For low-grade dysplasia, either observation or resection might be applied. However, in a study by Arnaoutakis et al. [25], the authors found that no clinical differentiation between high-grade, moderate, and low-grade dysplasia is possible. A passive observation (wait and watch) even in case of mild dysplasia is therefore not acceptable.

Hence, histopathological examination still remains the only useful option to determine further treatment. Ex vivo FCM proved to be a useful up-to-date alternative for immediate diagnosis and evaluation of suspect lesions and tissue margins and the determination of optimal treatment. The possibility of chairside application avoids long waiting periods for histopathological results, which can take up to 7 days, depending on the location of the nearest pathological laboratory. Next to being timesaving, a pleasant side-effect is also the avoidance of psychological burden for the patients during an insecure waiting period, especially in cases that undergo multiple samplings over an extended period of time. One major advantage is the possibility of obtaining high-resolution images that can provide a basis for ongoing and future projects in computer-aided diagnosis via artificial intelligence. This can be a valuable future chairside tool, especially for surgeons working in remote areas and having limited access to pathological laboratories.

Another point to mention is the cost-saving potential of FCM compared to that of conventional histopathology. A possible issue to compare is the cost of a single biopsy. For histopathological examination, the costs highly depend on the investigated sample, its size, and its location and range from EUR 50 to 500 (University Hospital Heidelberg). There are still no established official billing items for an ex vivo FCM investigation, but we assume that the costs of a single biopsy could be significantly less or relatively low considering the absence of a tissue preprocessing step and the quickness of the procedure. Additionally, the imaging and image interpretation can be performed by an experienced clinician with no need for an extra pathologist.
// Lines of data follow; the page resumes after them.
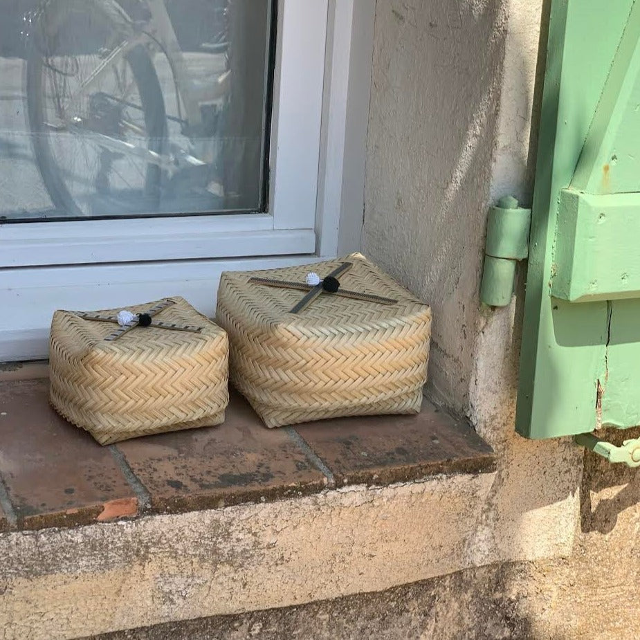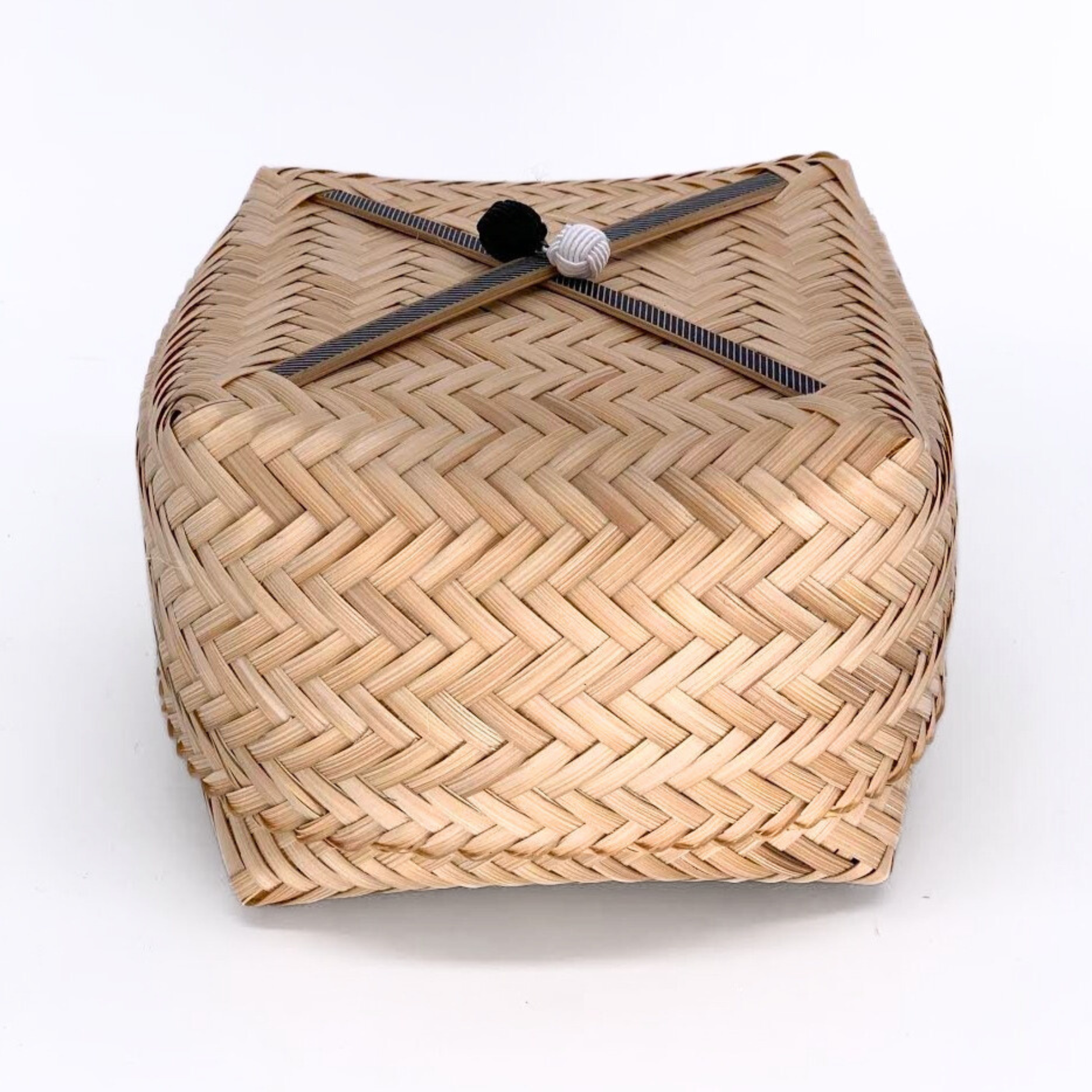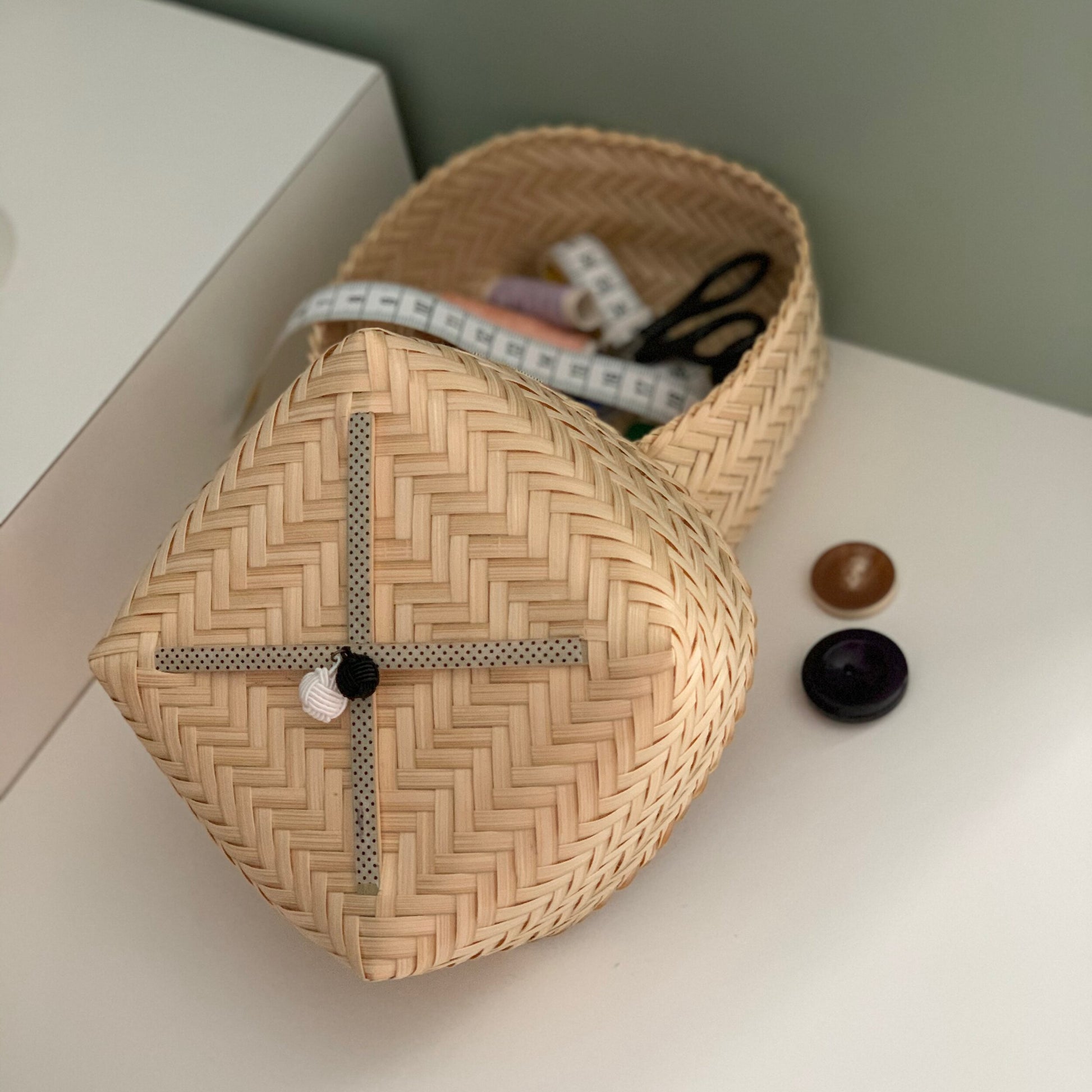 The eco-friendly bamboo weave exudes warmth, while the black-and-white design adds a sense of simplicity and refinement. Decorative washi tape accents and traditional Chinese knots embellish the lid, bringing a distinctive oriental touch. Perfect for storing office essentials, sewing supplies, or small keepsakes.
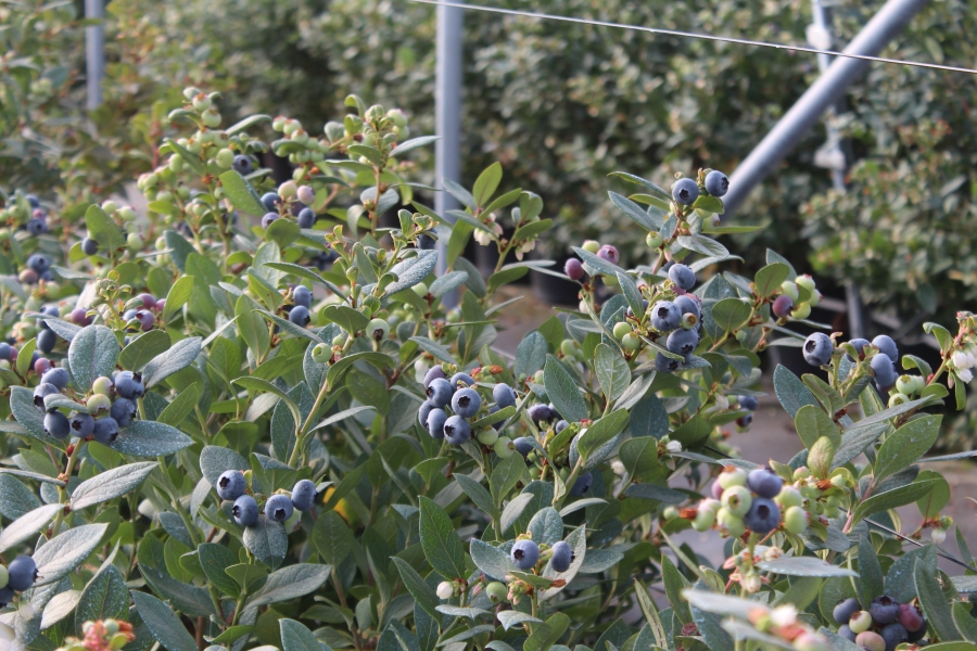 三川镇现代化蓝莓种植科技示范基地里即将成熟的蓝莓(12月18日摄)。
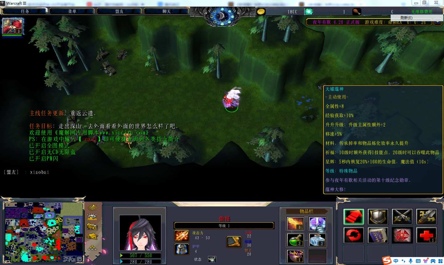 地图名字:夜年有歌4.3.0地图下载+全商城特权+全存档+隐藏英雄+无CD+指令功能
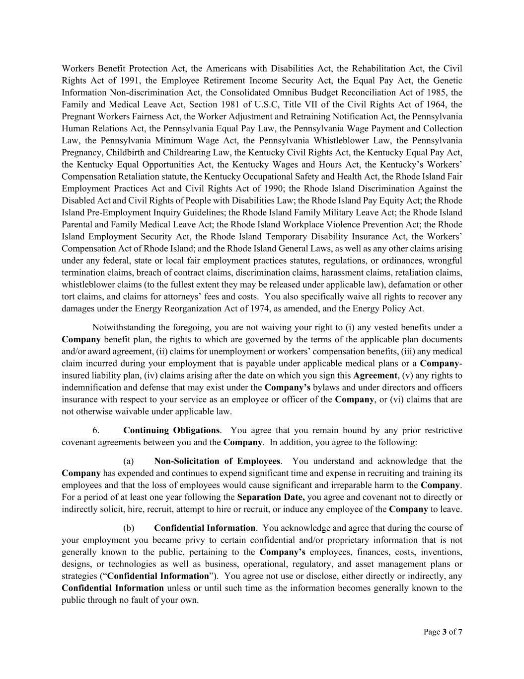 Page 3 of 7 Workers Benefit Protection Act, the Americans with Disabilities Act, the Rehabilitation Act, the Civil Rights Act of 1991, the Employee Retirement Income Security Act, the Equal Pay Act, the Genetic Information Non-discrimination Act, the Consolidated Omnibus Budget Reconciliation Act of 1985, the Family and Medical Leave Act, Section 1981 of U.S.C, Title VII of the Civil Rights Act of 1964, the Pregnant Workers Fairness Act, the Worker Adjustment and Retraining Notification Act, the Pennsylvania Human Relations Act, the Pennsylvania Equal Pay Law, the Pennsylvania Wage Payment and Collection Law, the Pennsylvania Minimum Wage Act, the Pennsylvania Whistleblower Law, the Pennsylvania Pregnancy, Childbirth and Childrearing Law, the Kentucky Civil Rights Act, the Kentucky Equal Pay Act, the Kentucky Equal Opportunities Act, the Kentucky Wages and Hours Act, the Kentucky’s Workers’ Compensation Retaliation statute, the Kentucky Occupational Safety and Health Act, the Rhode Island Fair Employment Practices Act and Civil Rights Act of 1990; the Rhode Island Discrimination Against the Disabled Act and Civil Rights of People with Disabilities Law; the Rhode Island Pay Equity Act; the Rhode Island Pre-Employment Inquiry Guidelines; the Rhode Island Family Military Leave Act; the Rhode Island Parental and Family Medical Leave Act; the Rhode Island Workplace Violence Prevention Act; the Rhode Island Employment Security Act, the Rhode Island Temporary Disability Insurance Act, the Workers’ Compensation Act of Rhode Island; and the Rhode Island General Laws, as well as any other claims arising under any federal, state or local fair employment practices statutes, regulations, or ordinances, wrongful termination claims, breach of contract claims, discrimination claims, harassment claims, retaliation claims, whistleblower claims (to the fullest extent they may be released under applicable law), defamation or other tort claims, and claims for attorneys’ fees and costs. You also specifically waive all rights to recover any damages under the Energy Reorganization Act of 1974, as amended, and the Energy Policy Act. Notwithstanding the foregoing, you are not waiving your right to (i) any vested benefits under a Company benefit plan, the rights to which are governed by the terms of the applicable plan documents and/or award agreement, (ii) claims for unemployment or workers’ compensation benefits, (iii) any medical claim incurred during your employment that is payable under applicable medical plans or a Company- insured liability plan, (iv) claims arising after the date on which you sign this Agreement, (v) any rights to indemnification and defense that may exist under the Company’s bylaws and under directors and officers insurance with respect to your service as an employee or officer of the Company, or (vi) claims that are not otherwise waivable under applicable law. 6. Continuing Obligations. You agree that you remain bound by any prior restrictive covenant agreements between you and the Company. In addition, you agree to the following: (a) Non-Solicitation of Employees. You understand and acknowledge that the Company has expended and continues to expend significant time and expense in recruiting and training its employees and that the loss of employees would cause significant and irreparable harm to the Company. For a period of at least one year following the Separation Date, you agree and covenant not to directly or indirectly solicit, hire, recruit, attempt to hire or recruit, or induce any employee of the Company to leave. (b) Confidential Information. You acknowledge and agree that during the course of your employment you became privy to certain confidential and/or proprietary information that is not generally known to the public, pertaining to the Company’s employees, finances, costs, inventions, designs, or technologies as well as business, operational, regulatory, and asset management plans or strategies (“Confidential Information”). You agree not use or disclose, either directly or indirectly, any Confidential Information unless or until such time as the information becomes generally known to the public through no fault of your own.

One of the limitations of our study was the sample size of 27 oral lesions from 22 patients. This was partly solved by dividing each confocal mosaic into four submosaics to enlarge the number of images. Part of the mosaics could not be assessed due to false positioning for scanning, so another limitation is the technique of sample scanning. Although ex vivo fluorescence confocal microscopy allows an evaluation of the entire lesion in maximal dimensions of 28 × 28 mm, positioning of a sample is still a major challenge for a correct diagnosis. In our study, no standardized orientation of tissue samples during scanning was performed. Expectedly, samples placed and scanned tangentially in ex vivo FCM could not be diagnosed correctly. All samples scanned over the vertical cut through all skin layers were diagnosed correctly.

For the statistics, multiple samples of submosaics were taken from the same patient. These samples were assumed to be independent, which is valid under the assumption that intraindividual variations of the morphologic criteria for leukoplakia are more relevant for the classification performance than interindividual variations. Studies with greater cohorts will be needed in future attempts to reproduce the results with single samples per patient in order to validate this assumption.

The strength of the present study is the inclusion of samples with normal mucosa and corresponding histopathology to each confocal image.

As a secondary finding, our results further demonstrate that the known histological features (architectural and cytological) can also be identified in ex vivo confocal images if samples are assessed properly.

5. Conclusions

Ex vivo FCM provides digital high-resolution imaging of leukoplakia that is comparable to H&E but, expectedly, less effective at the moment. Our results demonstrate that the classic histological patterns of dysplasia can also be found in ex vivo pictures and be supportive in the diagnosis of oral leukoplakia. Prospectively, this technology might be supportive in the differentiation of moderate and severe leukoplakia, given a correct positioning of samples in the scanner of ex vivo FCM. Another point to mention is the cost-saving potential of the technology.